# [Supplied records]

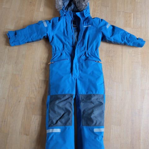 Didriksons parkdress for barn i størrelse 120. Dressen er blå med forsterkede felt på knær og sete. Ytterstoff, fôr og vattering er i polyester. Modellen er merket som 100 % vanntett med tapede sømmer (STORMsystem).
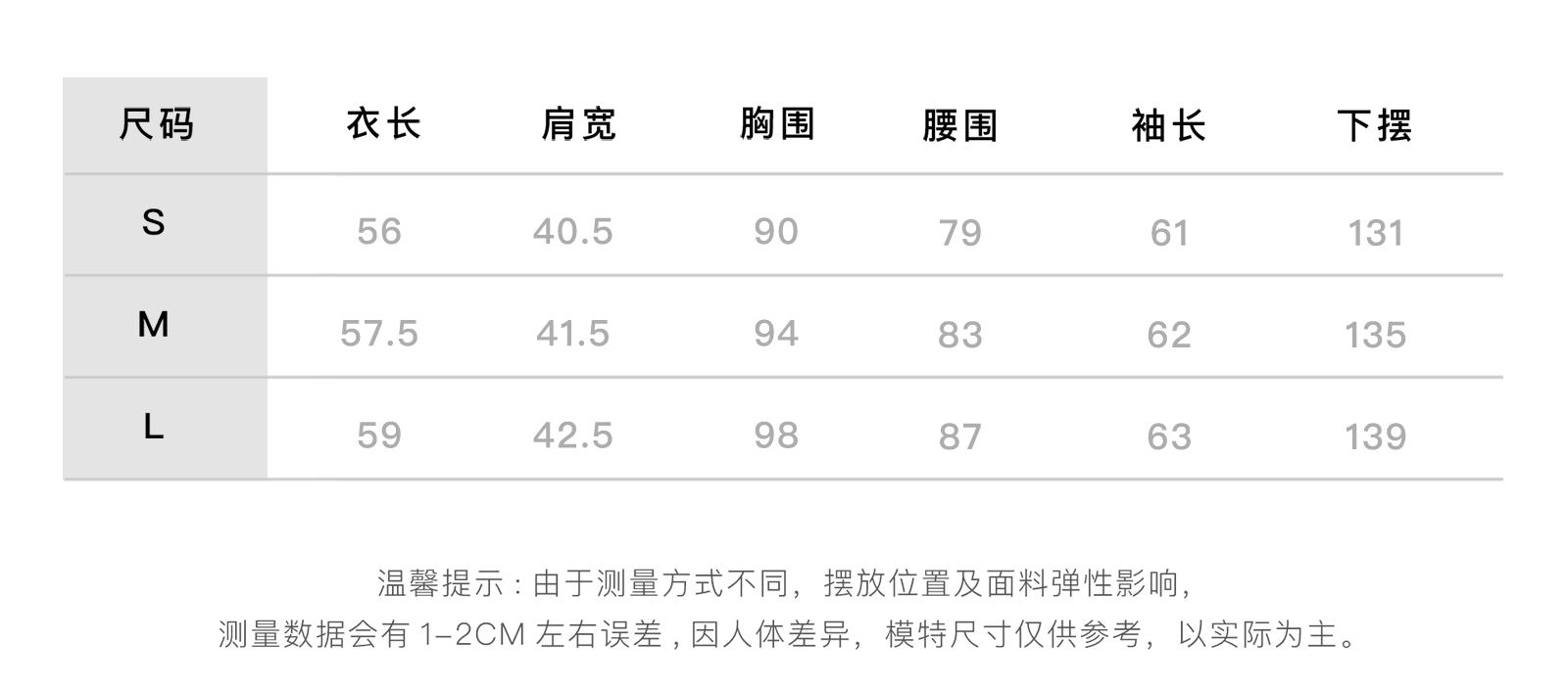 Size (cm) 42 44 46 48 50
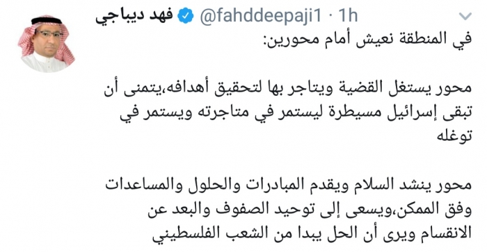 قسم المحلل السياسي السعودي فهد ديباجي، المنطقة إلى محورين، وكشف عن توجهاتهما تجاه القضية الفلسطينية.
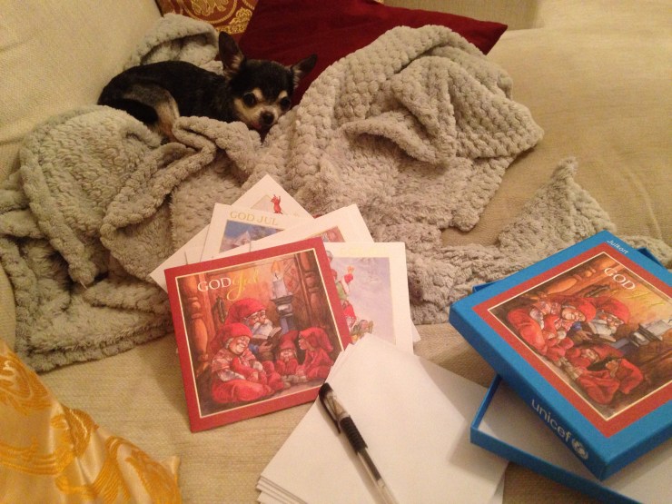 Skickar ni julkort? Jag köper sedan ett par år tillbaka mina julkort från Unicef. Då bidrar man med pengar till deras verksamhet, 25 kronor per box om 10 vykort. Det finns många julkort som påstår sig skänka till välgörenhet men då ofta betydligt lägre belopp. Men – allt är bättre än inget så klart! Vill bara tipsa er 🙂
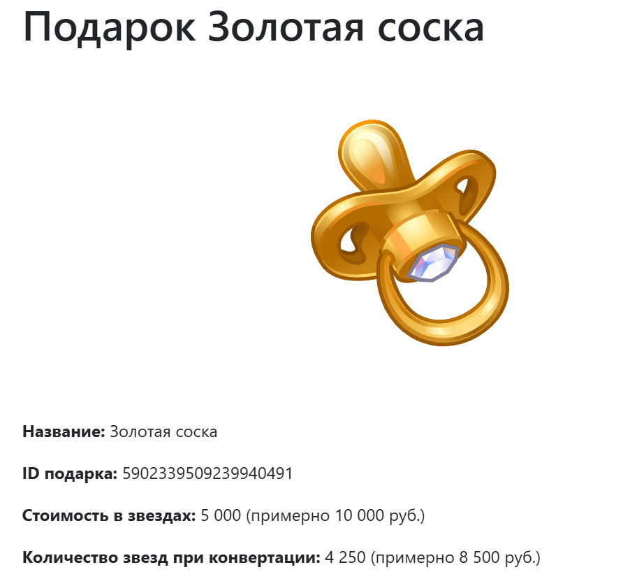 Первоначальная цена НФТ ТГ подарка Золотая соска – 5000 звезд, или как отмечено на одном из ресурсов такой прайс в звездах эквивалентен 80 долларам или 6,3 тыс. руб.
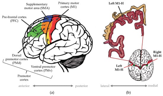 (a) Some regions of interest (ROIs) and (b) homunculi of M1 [,,,,]. C3, C4, and Cz denote electrode positions according to the 10–20 system [].
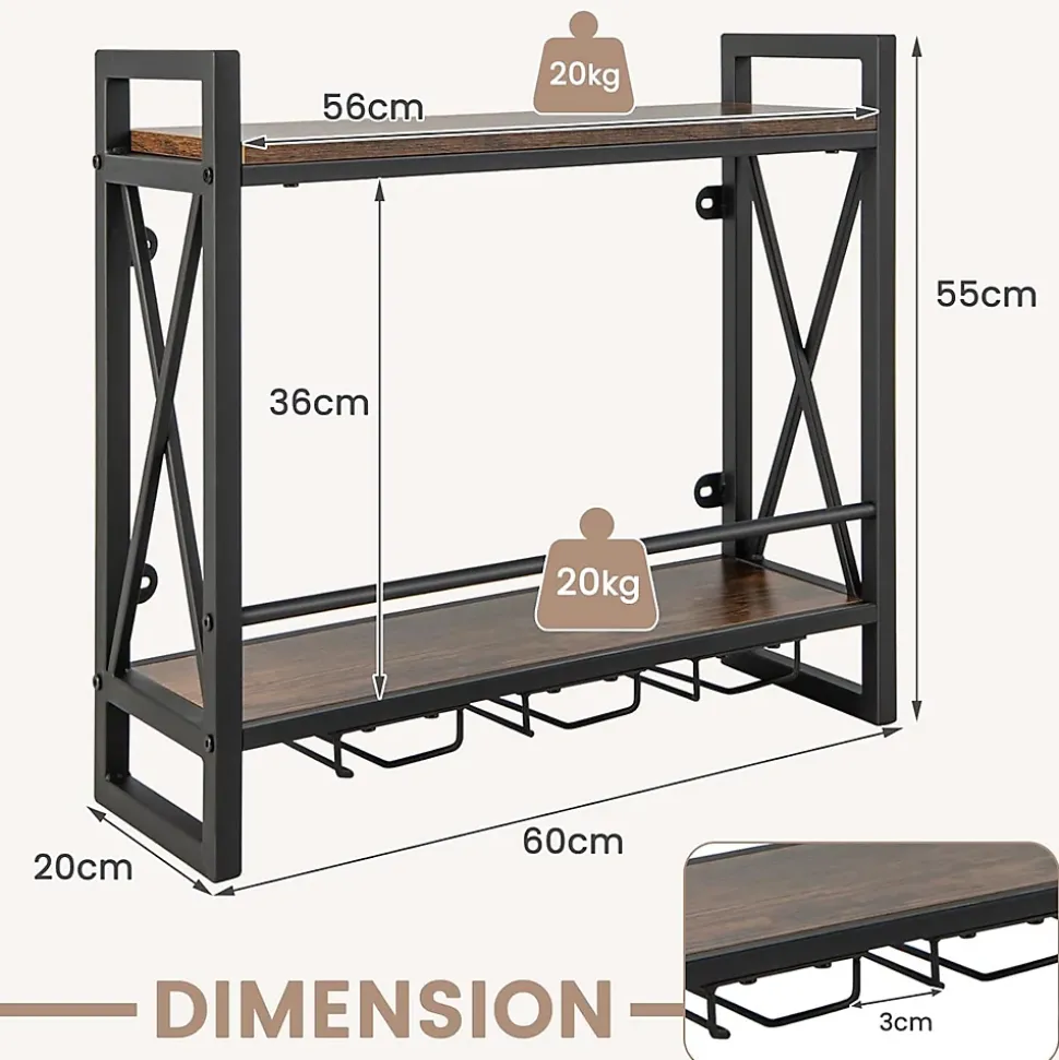 Matériaux : métal, panneaux de particulesDimensions totales : 60 x 20 x 55 cm (L x l x H)Taille de chaque étagère : 56 x 20 cm (L x l)Poids net : 5,5 kgCapacité de poids de chaque étagère : 20 kgLivraisons :1 x Porte-bouteilles de vin mural1 x Manuel d’instructions
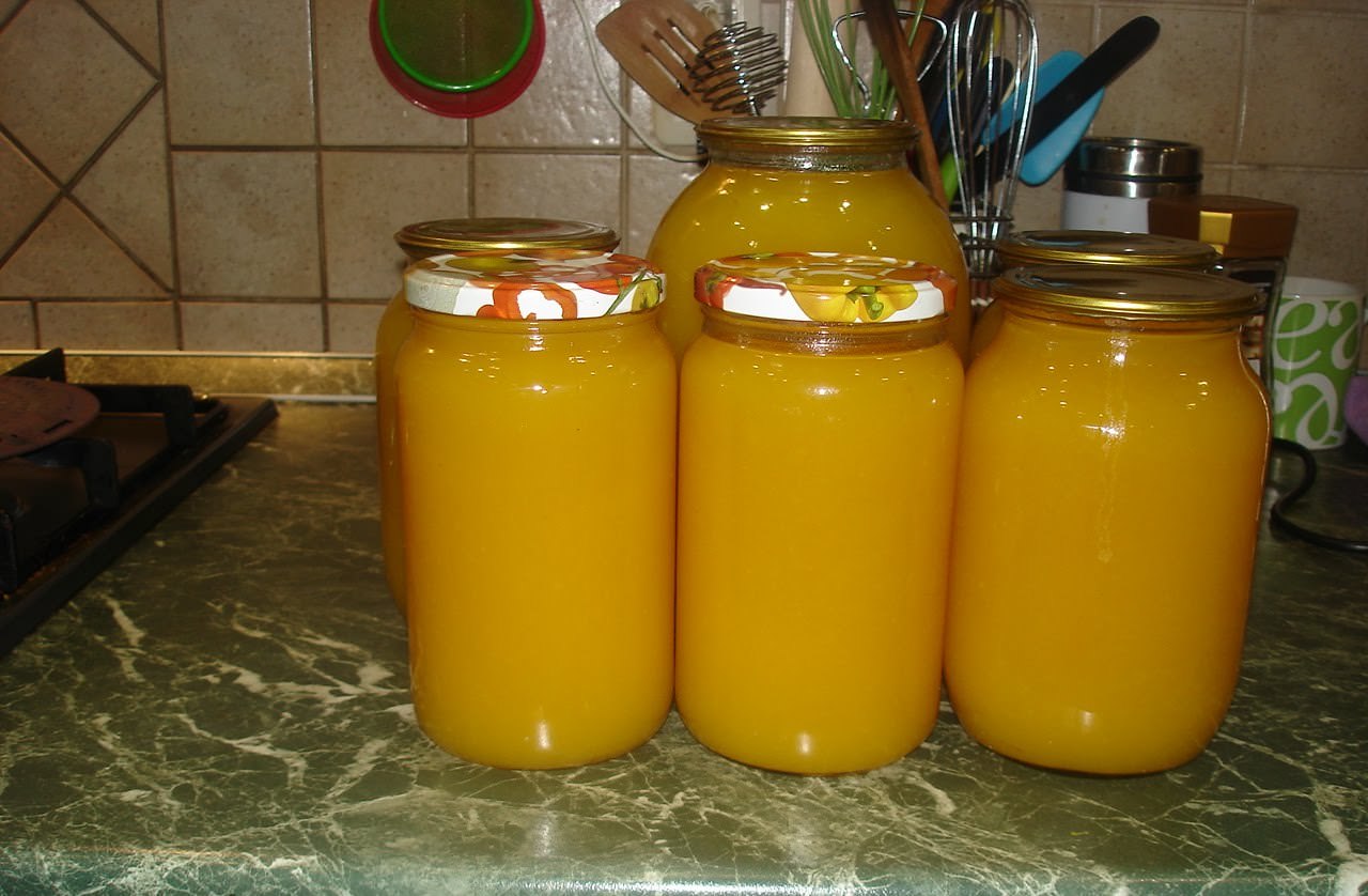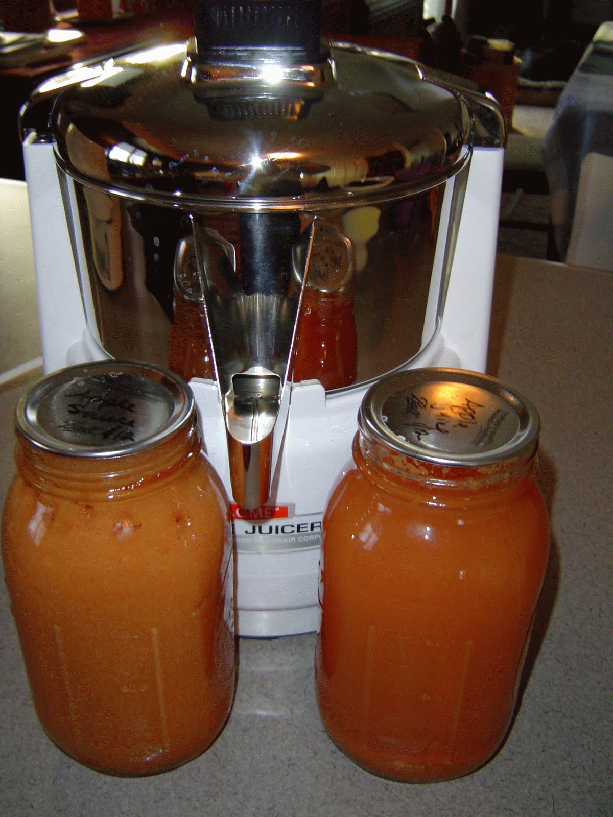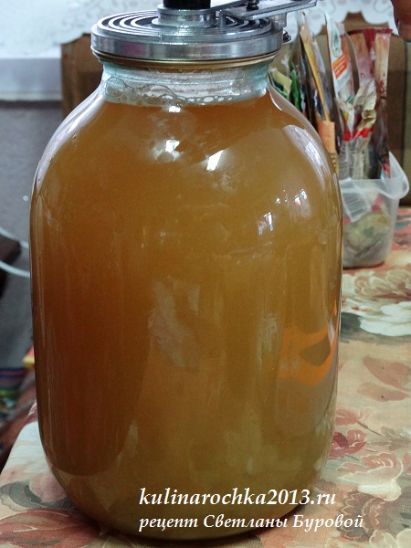 Итак, полученная при отжиме масса выливается в кастрюлю, доводится до кипения, и кипятится в течение 5 минут. В горячем виде сок разливается по банкам, герметично закрывается крышками, переворачивается вверх дном.
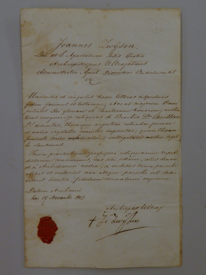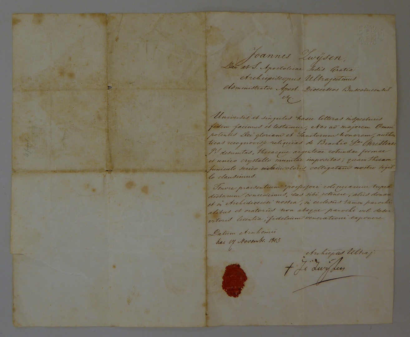 Echtheidsverklaring bij reliek van de H. Christina getekend door Joannes Zwijsen
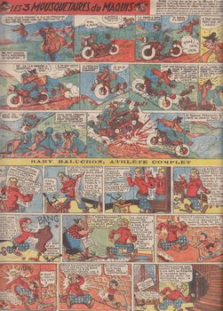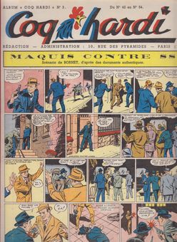 remarques: | album Coq Hardi no 3, 3ème année, Nouvelle Série no 42 (9.1.1947) au no 54 (1947) à partir du no 51 (13.3.1947), la datation n'est plus mentionnée continuation des séries existantes avec toujours - guerre à la terre, les trois mousquetaires du maquis, Lariflette et capitaine fantôme, Pancho Libertas a maintenant comme titre "les desperados" début de trois nouvelles séries - maquis contre SS par Poïvet (au no 54) - le prof. Tribacil et les Astériens par Erik et - Baby Baluchon, athlète complet par Mat >>> le journal Coq Hardi se porte toujours bien mais la qualité du papier a retrouvé son ancienne impression |
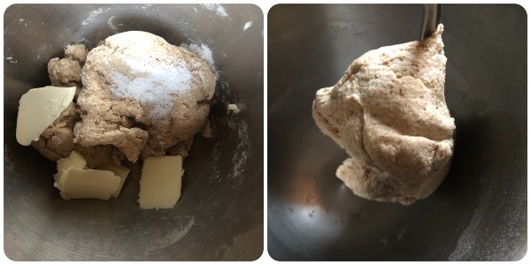 Cuando la masa haya absorbido todos los líquidos, añadir la mantequilla blanda en trozos y la sal y seguir trabajando con el gancho hasta obtener una masa lisa y homogénea.
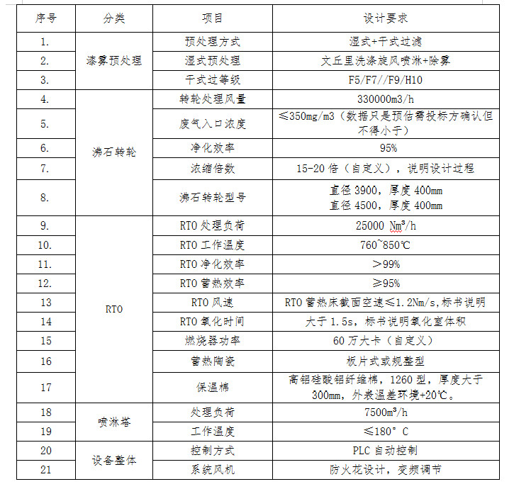 1、廢氣-2套濕式預(yù)處理系統(tǒng)+2套干式過(guò)濾系統(tǒng)+2套沸石轉(zhuǎn)輪+1套R(shí)TO系統(tǒng)+1套回風(fēng)系統(tǒng)。
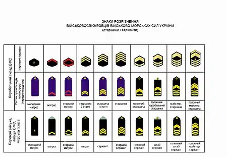 - ↑ Ponomarenko, Illia (17 October 2019). "Rada approves new ranks, NATO-style amendments to military instructions". kyivpost.com. Businessgroup LLC. Kyiv Post. Retrieved 7 December 2019.
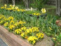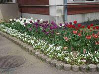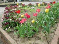 色とりどりのチューリップやパンジーが咲いています。
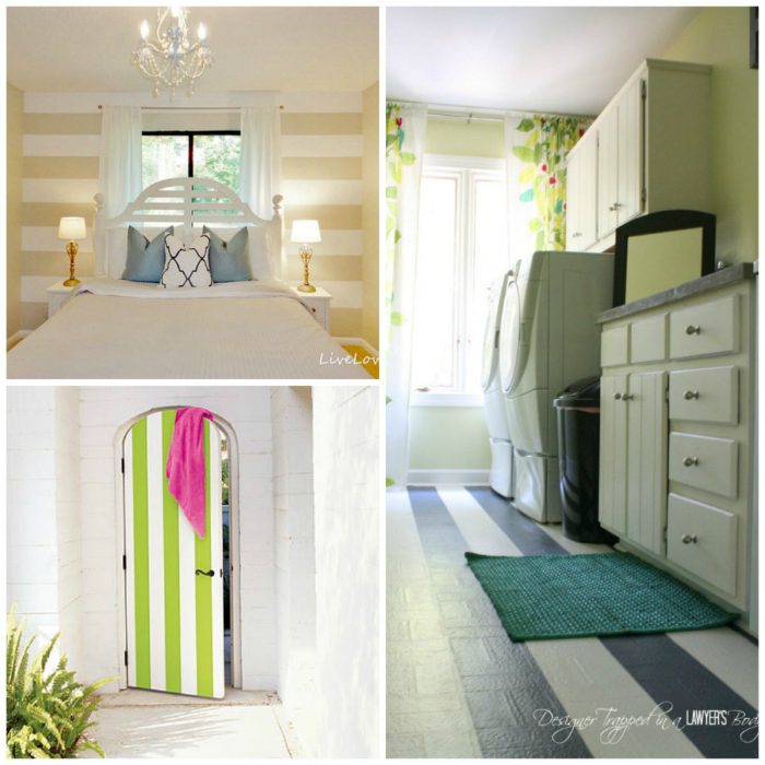 Чтобы освежить интерьер не обязательно менять покрытие пола или стен, достаточно просто декорировать устаревшие покрытия цветными широкими полосками.
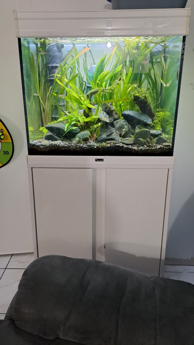Bonjour, Vend aquaruim Aquatlantis élégance expert 60 blanc avec meuble, acheté neuf il y a environ 5 ans. Il est encore en eau pour le moment. Très bon état. Cause de la vente : passage à un aquaruim un peu plus grand suite à de nombreuses naissances. (Il y a pas mal d'algues en ce moment car beaucoup de bébés et je siphonne beaucoup moins de peur de les aspirer, un gros nettoyage sera fait après déménagement dans l'autre bac) La dimension du bac est de 60x40x55. Meuble 60x40x83 cm, ensemble hauteur 138 cm. La capacité du bac est d'environ 100 litres net avec une hauteur d'eau entre 42 à 45 cm selon la hauteur du substrat/sol. Cuve brut 130 litres environ. Vendu avec un chauffage de 200w, une rampe d'éclairage achété neuve fin décembre 2025 (idem origine). Pas de pompe. Je peux laisser le sol (non adapté aux corydoras), des plantes et deux ou troix petites racines de mopani mais je récupère toutes les pierres. Je peux aussi tout enlever selon préférence. 120 euros Je peux fournir une biobox 2 new génération neuve, récupérer sur le nouveau bac. Filtration 650l/h, chauffage 150w et l'ensemble des mousses/ éléments de filtration inclus. (je peux la roder si besoin pour utiliser le bac immédiatement) 40 euros de plus Ensemble 155 euros A disposition pour toutes questions Fabien (dispo dans 3 semaines)
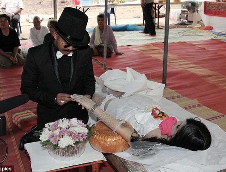 泰国痴情男子与女友尸体完婚

# [Action item]
With the pictures removed, return the full listing exactly as given.

# [Written answer]
 Didriksons parkdress for barn i størrelse 120. Dressen er blå med forsterkede felt på knær og sete. Ytterstoff, fôr og vattering er i polyester. Modellen er merket som 100 % vanntett med tapede sømmer (STORMsystem).
 Size (cm) 42 44 46 48 50
 قسم المحلل السياسي السعودي فهد ديباجي، المنطقة إلى محورين، وكشف عن توجهاتهما تجاه القضية الفلسطينية.
 Skickar ni julkort? Jag köper sedan ett par år tillbaka mina julkort från Unicef. Då bidrar man med pengar till deras verksamhet, 25 kronor per box om 10 vykort. Det finns många julkort som påstår sig skänka till välgörenhet men då ofta betydligt lägre belopp. Men – allt är bättre än inget så klart! Vill bara tipsa er 🙂
 Первоначальная цена НФТ ТГ подарка Золотая соска – 5000 звезд, или как отмечено на одном из ресурсов такой прайс в звездах эквивалентен 80 долларам или 6,3 тыс. руб.
 (a) Some regions of interest (ROIs) and (b) homunculi of M1 [,,,,]. C3, C4, and Cz denote electrode positions according to the 10–20 system [].
 Matériaux : métal, panneaux de particulesDimensions totales : 60 x 20 x 55 cm (L x l x H)Taille de chaque étagère : 56 x 20 cm (L x l)Poids net : 5,5 kgCapacité de poids de chaque étagère : 20 kgLivraisons :1 x Porte-bouteilles de vin mural1 x Manuel d’instructions
 Итак, полученная при отжиме масса выливается в кастрюлю, доводится до кипения, и кипятится в течение 5 минут. В горячем виде сок разливается по банкам, герметично закрывается крышками, переворачивается вверх дном.
 Echtheidsverklaring bij reliek van de H. Christina getekend door Joannes Zwijsen
 remarques: | album Coq Hardi no 3, 3ème année, Nouvelle Série no 42 (9.1.1947) au no 54 (1947) à partir du no 51 (13.3.1947), la datation n'est plus mentionnée continuation des séries existantes avec toujours - guerre à la terre, les trois mousquetaires du maquis, Lariflette et capitaine fantôme, Pancho Libertas a maintenant comme titre "les desperados" début de trois nouvelles séries - maquis contre SS par Poïvet (au no 54) - le prof. Tribacil et les Astériens par Erik et - Baby Baluchon, athlète complet par Mat >>> le journal Coq Hardi se porte toujours bien mais la qualité du papier a retrouvé son ancienne impression |
 Cuando la masa haya absorbido todos los líquidos, añadir la mantequilla blanda en trozos y la sal y seguir trabajando con el gancho hasta obtener una masa lisa y homogénea.
 1、廢氣-2套濕式預(yù)處理系統(tǒng)+2套干式過(guò)濾系統(tǒng)+2套沸石轉(zhuǎn)輪+1套R(shí)TO系統(tǒng)+1套回風(fēng)系統(tǒng)。
 - ↑ Ponomarenko, Illia (17 October 2019). "Rada approves new ranks, NATO-style amendments to military instructions". kyivpost.com. Businessgroup LLC. Kyiv Post. Retrieved 7 December 2019.
 色とりどりのチューリップやパンジーが咲いています。
 Чтобы освежить интерьер не обязательно менять покрытие пола или стен, достаточно просто декорировать устаревшие покрытия цветными широкими полосками.
Bonjour, Vend aquaruim Aquatlantis élégance expert 60 blanc avec meuble, acheté neuf il y a environ 5 ans. Il est encore en eau pour le moment. Très bon état. Cause de la vente : passage à un aquaruim un peu plus grand suite à de nombreuses naissances. (Il y a pas mal d'algues en ce moment car beaucoup de bébés et je siphonne beaucoup moins de peur de les aspirer, un gros nettoyage sera fait après déménagement dans l'autre bac) La dimension du bac est de 60x40x55. Meuble 60x40x83 cm, ensemble hauteur 138 cm. La capacité du bac est d'environ 100 litres net avec une hauteur d'eau entre 42 à 45 cm selon la hauteur du substrat/sol. Cuve brut 130 litres environ. Vendu avec un chauffage de 200w, une rampe d'éclairage achété neuve fin décembre 2025 (idem origine). Pas de pompe. Je peux laisser le sol (non adapté aux corydoras), des plantes et deux ou troix petites racines de mopani mais je récupère toutes les pierres. Je peux aussi tout enlever selon préférence. 120 euros Je peux fournir une biobox 2 new génération neuve, récupérer sur le nouveau bac. Filtration 650l/h, chauffage 150w et l'ensemble des mousses/ éléments de filtration inclus. (je peux la roder si besoin pour utiliser le bac immédiatement) 40 euros de plus Ensemble 155 euros A disposition pour toutes questions Fabien (dispo dans 3 semaines)
 泰国痴情男子与女友尸体完婚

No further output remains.